The digital memory revolution continues

Long ago, storage components were principally ranked by the individual physical capacity of the device, or in the case of JBODs (just a bunch of disks), the array. As technologies evolved, hard drives began to approach the 4 GB level (circa early-1990s), video servers began to emerge, and then protected storage became a commodity reality.

As RAID became more affordable, the storage description perspective shifted to include a RAID-level specification with a perceptually incorrect indication that “the higher the RAID level, the better it was.” Thus RAID 5 seemed to be better than RAID 3, and when you combined striping (e.g., RAID 50) the value proposition increased “many fold.”
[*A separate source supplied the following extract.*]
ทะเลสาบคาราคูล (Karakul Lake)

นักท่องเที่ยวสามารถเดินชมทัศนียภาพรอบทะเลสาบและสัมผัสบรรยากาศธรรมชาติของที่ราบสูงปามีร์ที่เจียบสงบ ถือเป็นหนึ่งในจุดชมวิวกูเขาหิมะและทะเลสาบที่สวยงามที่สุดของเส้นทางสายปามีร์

Today, as magnetic spinning hard disks approach the 10 TB range in 3.5-inch form factors, we also find greater need for smaller form-factor memory. Users are now looking more toward USB flash drives and other flash memory devices to support consumer as well as commercial storage needs. Collectively these USB, SD (Secure Digital) and similar extensions are called “flash memory products” and are generally composed of NAND flash memory components. In support of HD and 4K resolutions, one can now find these SD card versions with published storage at upwards of 128 GB and solid-state drives (SSDs in 2.5-inch form factors) at half-a-terabyte and above.
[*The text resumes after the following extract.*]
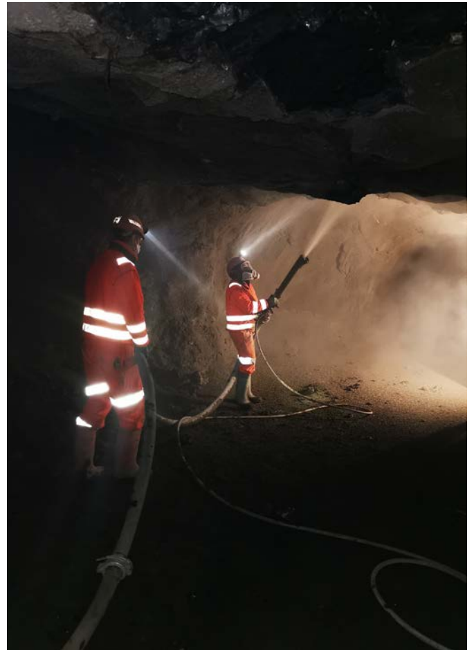
Béton projeté de sécurisation

Fig. 1: UHS-II memory cards have additional contacts for data transmission and width improvements.

AVAILABLE SPACE
Regardless of the media type, the available space reported to a user by an operating system or camera device almost never matches the physical (raw) storage device capacity listed on the nameplate. The reasons are often confusing or misunderstood, sometimes causing users to roll the dice on what they’re really getting for the precious “pennies on the gig.”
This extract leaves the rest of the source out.